Yes, I’m aware that doing this my way, all my PL4 editing will need to be done on the ASUS, and it will look better at night than if I do the work in the day - or I will need to close my window blinds. I don’t seem to have enough options. Maybe I should go ahead and buy an Apple Mini, specifically for photography, in addition to my iMac. All this is way off in the future. My goal right now is to simply get my ASUS display calibrated, without messing up anything else.

You mean sleek and shiny? :laughing: To the best of my knowledge, they don’t specify that. They just put them out there with no calibration and expect users to do whatever they want in that respect. Just like most monitors, they are factory set to be bright!!!, which is far from where you want to be for editing photos. They obviously can’t be perfect, otherwise why would they provide a calibration button on the colour tab of the display preferences?

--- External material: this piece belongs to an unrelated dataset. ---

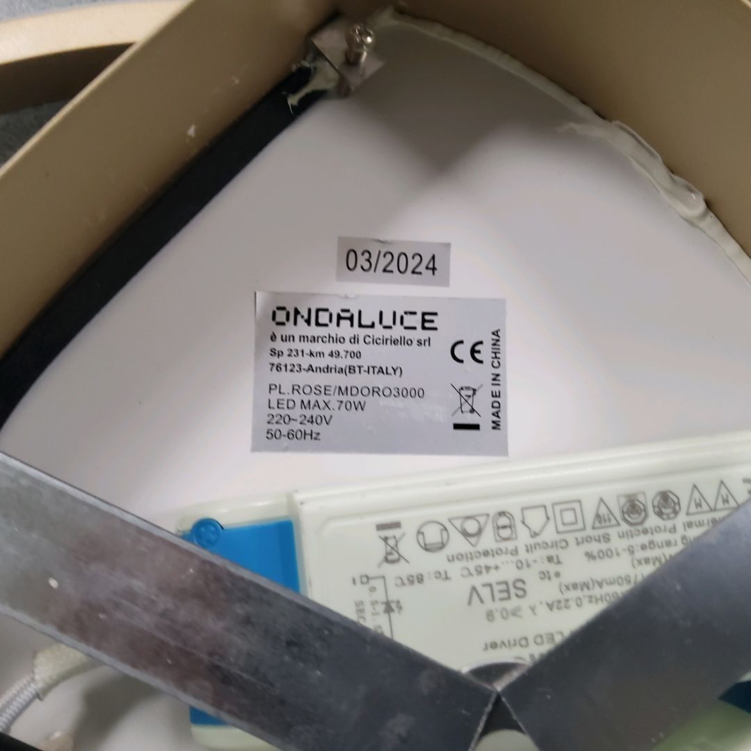 ONDALUCE. PL.ROSE/MDORO3000 gilded metal ceiling light. New, unsealed for photographic purposes. L.64 x W.64 x H.7 cm. - Recoverable VAT - This lot available anywhere in mainland France from €18.96 - This lot available anywhere in Europe from €34.44

BTW, don’t ever use it, it is truly awful.

P.S. You could always turn off the auto-brightness, just to calibrate the colours on the iMac, then re-enable it afterwards. At least, the colours should be a bit more accurate than not doing it at all.

Now I’m very confused. When I downloaded the i1Studio software, there was something else I needed to download and install - the tech person told me the other software runs all the time. I think this was “XRD_Manager+v3”. I didn’t notice this in the installation guide, but the tech at X-rite told me that was the first step before I could install the i1Studio Display software. Both downloads are listed on the download page at X-rite. None of this made sense to me - I just followed his instructions.

If I got to my Activity Monitor, I can see it running: “i1Studio Tray”.

I’m likely not describing all this correctly, just as best I can of what he told me. There ought to be a document that explains all this - I’ve found a few new things to read, and maybe that will explain it better than I can.

That sounds like the software that uses the device to monitor ambient lighting. I don’t use because it seemed to conflict with the Mac’s own mechanism and I didn’t want to leave the device connected all the time.

You don’t really need it. See how it goes and if it really does make a difference once you have the Asus profiled. But, seeing as how the Asus isn’t software controllable, I don’t see how it can work.